↓
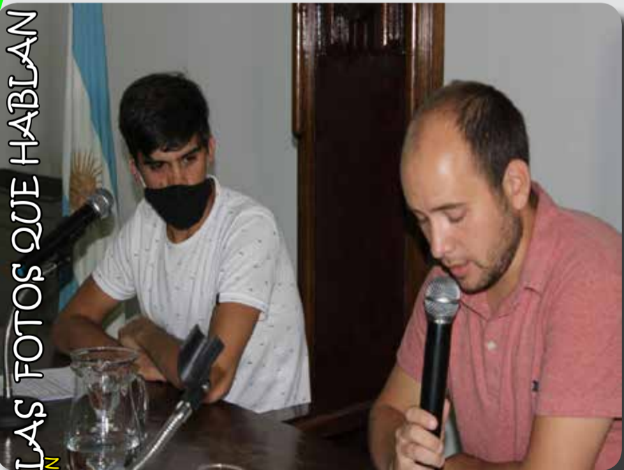
LAS FOTOS QUE HABLAN
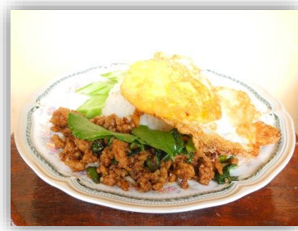
ข้าวกะเพราหมูสับไข่ดาว ราคา ๓๐ บาท
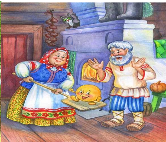
Сказка № 10.
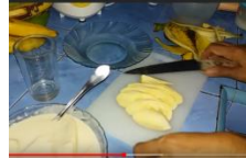
3. Kupas dan Iris Buah Pisang
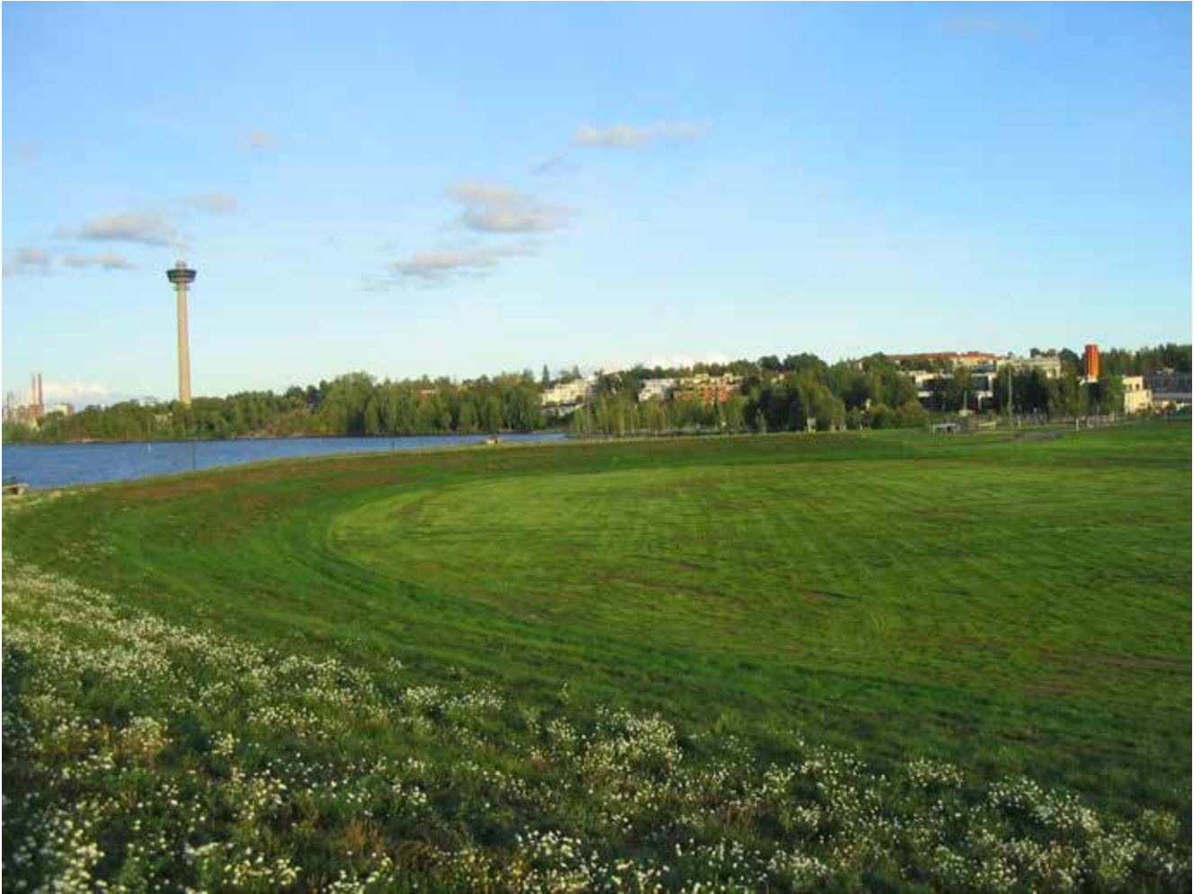
Katsomo- ja kenttäalue
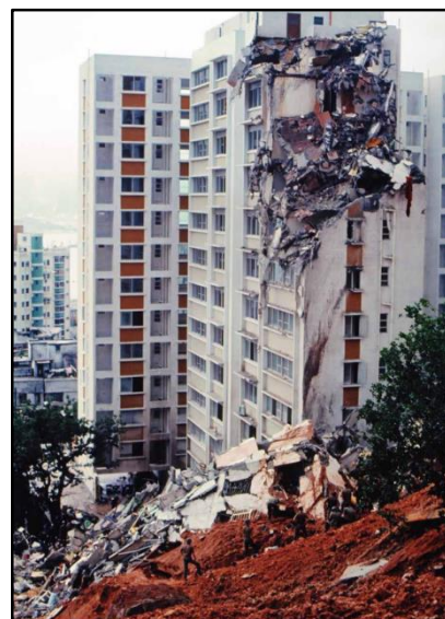
1972 年 6 月 16-18 日暴雨連場，導致嚴重山泥傾瀉，其中香港島半山區十二層高的旭龢大廈完全摧毀。

山泥傾瀉： 香港地勢多山且山勢陡峭，加上亞熱帶氣候以及深厚的風化土層，都是導致山泥傾瀉發生的主要因素。然而，沒有密集的民居，和歷史（特別是二次大戰後香港迅速發展期間）遺留下許多不合格的人造斜坡，山泥傾瀉的發生也不一定導致災難性的後果。1972 年 6 月的雨災喚醒了政府和市民對斜坡的關注，專責監管斜坡安全的土力工程處亦因此在 1977 年成立，致力減低山泥傾瀉風險。
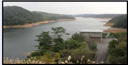
福地ダムの様子(12/31 14時)
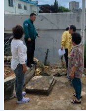
노후 다세대주택 옥벽붕괴 점검-2
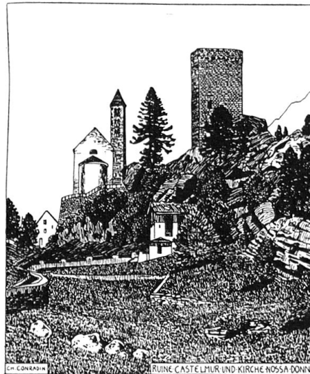
Abb. 3: Ruine Castelmur und Kirche Nossa Donna. Federzeichnung von Christian Conradin.

Marie-Antoinette»; ob die Pariser sich nicht über dieser «Avenue» erstaunt hätten? Hoch oben auf einem Felsenkopf steht das in einem etwas merkwürdigen Stil erbaute Schloss des Grafen Renesse, des Gönners und Förderers des Kurortes. Leider erlaubten es die bald leeren Kassen des Grafen nicht mehr, das Schloss einzurichten, und so blieb es, um seinen Erbauer nicht zu überholen, auch leer, sich tröstend mit der Aussicht auf das prächtige Bergell und eine bessere Zukunft.
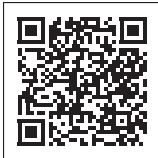
ひきこもり ボイス ステーション

また、ひきこもり相談は市でも随時受け付けていますので、問い合わせ先まで連絡ください。
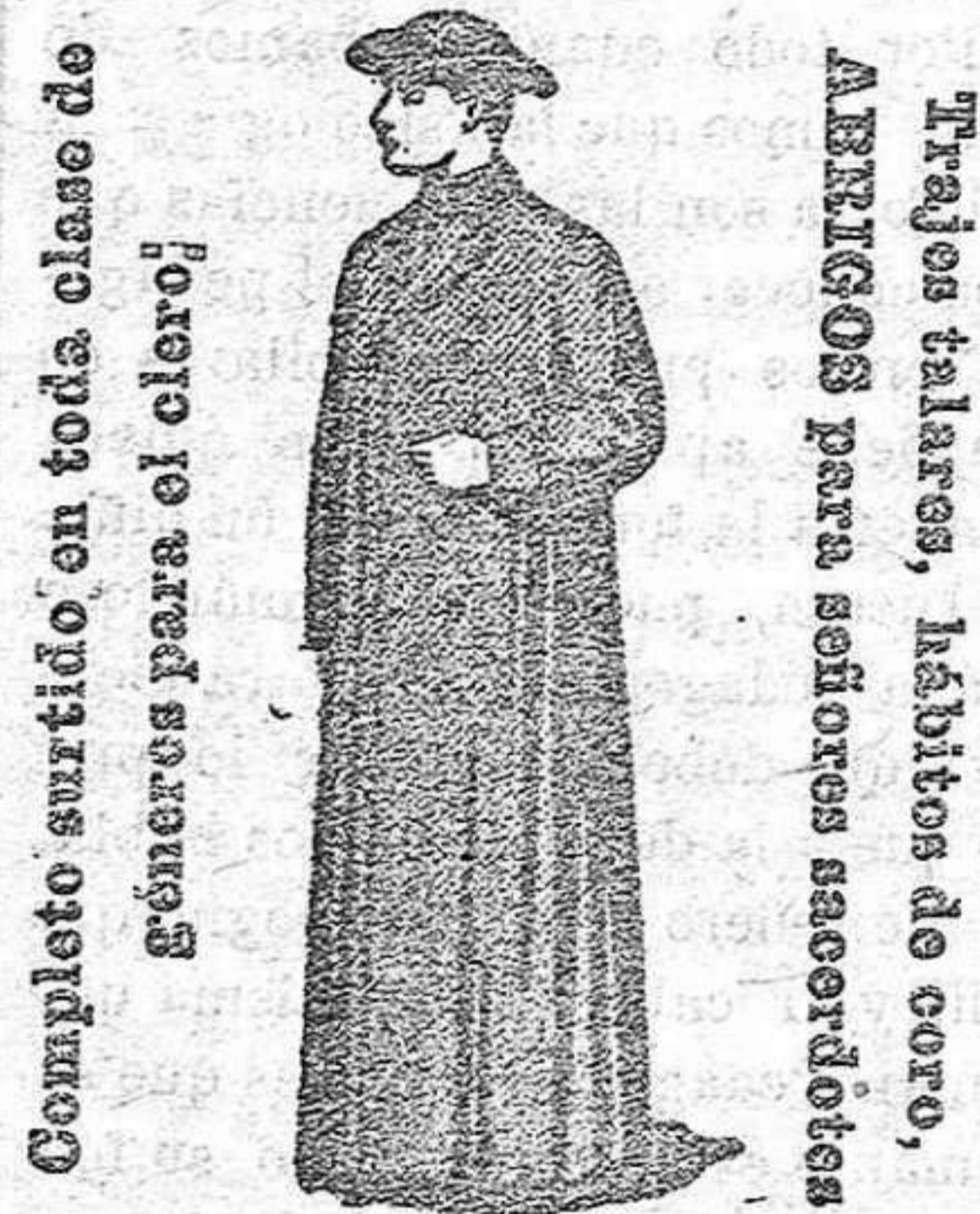
Completo surtido en toda clase de géneros para el color.
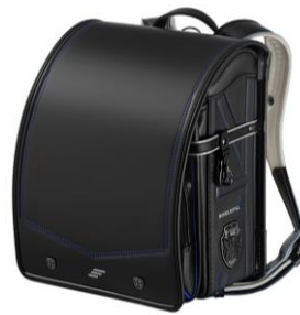
ブラック×マリンブルー

【商品名】モデルロイヤル クリスタル 【価格】63,000円(税別) 【カラー展開】6色
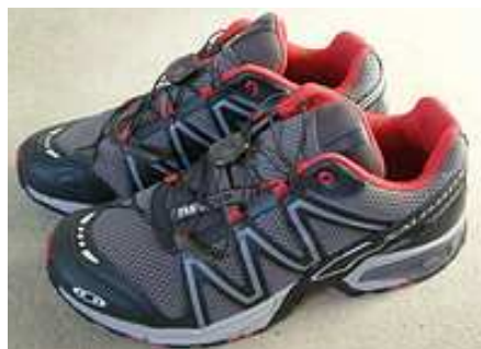
Chaussures de trail

Ce type de chaussures a été développé à la base pour les trails qui sont de longues courses sur des terrains difficiles avec beaucoup de dénivelé et les raids qui sont des courses comprenant plusieurs activités (vtt, kayak, course à pied...).
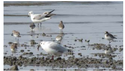
ズグロカモメ

とその後方に広がる干潟が一望でき、また、海岸線沿いの遊歩道からは、引き潮のときには無数のカニやムツゴロウ、トビハゼなどが観察できる。春・秋の渡りの時期に、数千羽のシギやチドリが干潟めがけて飛んできて、一心不乱に餌をついばむ姿は壮観である。
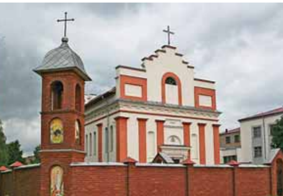
Костел Воздвижения Святого Креста (1848)

сложилась традиция – заниматься сбором добровольных пожертвований на храмы. В XIX в. яновские лабори разбредались по европейской части Российской империи,
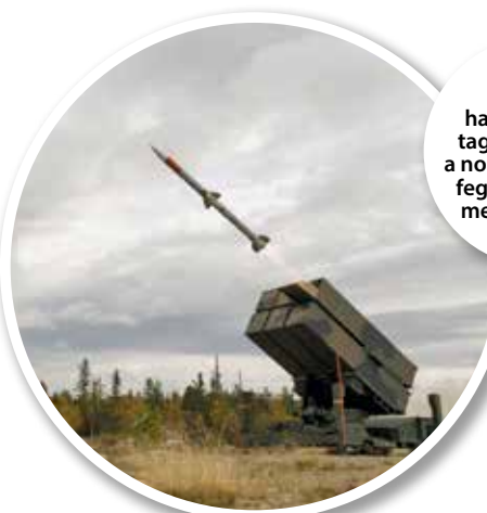
Hazánk a hatodik NATO-tagállam, amely a norvég-amerikai fegyverrendszer mellett döntött
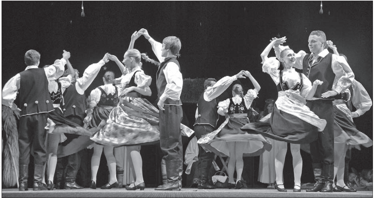
Zespół Regionalny „Błędowice” regularnie korzysta z dotacji miasta.

niez inną ważną dla polskiego środowiska inicjatywę. Działające przy Polskiej Szkole Podstawowej w Błę-
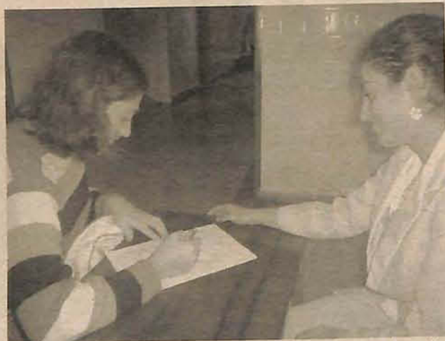
Alguns serviços foram prestados quarta-feira, no hospital

A programação estava agendada para o dia do aniversário mas, devido a chuva, foi transferida para hoje. Na quarta-feira os serviços foram prestados no próprio hospital, para que a data não passasse em branco. Um
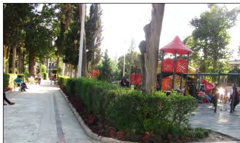
شکل ۴: تصویری از پارک شهر گرگان

از قبیل سرویس‌های بهداشتی و روشنایی شامل کتابخانه، موزه زمین ورزشی، وسایل بازی و ورزش و آلاچیق‌هایی برای اقامت موقت بازدیدکنندگان و گردشگران می‌باشد. در کل این پارک ۳۸۰۰۰
↑
What to do
Retype, word for word, the line containing "とその後方に広がる干潟が一望" and each line after it through the end of the data, leaving any picture out.

Final answer
とその後方に広がる干潟が一望でき、また、海岸線沿いの遊歩道からは、引き潮のときには無数のカニやムツゴロウ、トビハゼなどが観察できる。春・秋の渡りの時期に、数千羽のシギやチドリが干潟めがけて飛んできて、一心不乱に餌をついばむ姿は壮観である。
Костел Воздвижения Святого Креста (1848)

сложилась традиция – заниматься сбором добровольных пожертвований на храмы. В XIX в. яновские лабори разбредались по европейской части Российской империи,
Hazánk a hatodik NATO-tagállam, amely a norvég-amerikai fegyverrendszer mellett döntött
Zespół Regionalny „Błędowice” regularnie korzysta z dotacji miasta.

niez inną ważną dla polskiego środowiska inicjatywę. Działające przy Polskiej Szkole Podstawowej w Błę-
Alguns serviços foram prestados quarta-feira, no hospital

A programação estava agendada para o dia do aniversário mas, devido a chuva, foi transferida para hoje. Na quarta-feira os serviços foram prestados no próprio hospital, para que a data não passasse em branco. Um
شکل ۴: تصویری از پارک شهر گرگان

از قبیل سرویس‌های بهداشتی و روشنایی شامل کتابخانه، موزه زمین ورزشی، وسایل بازی و ورزش و آلاچیق‌هایی برای اقامت موقت بازدیدکنندگان و گردشگران می‌باشد. در کل این پارک ۳۸۰۰۰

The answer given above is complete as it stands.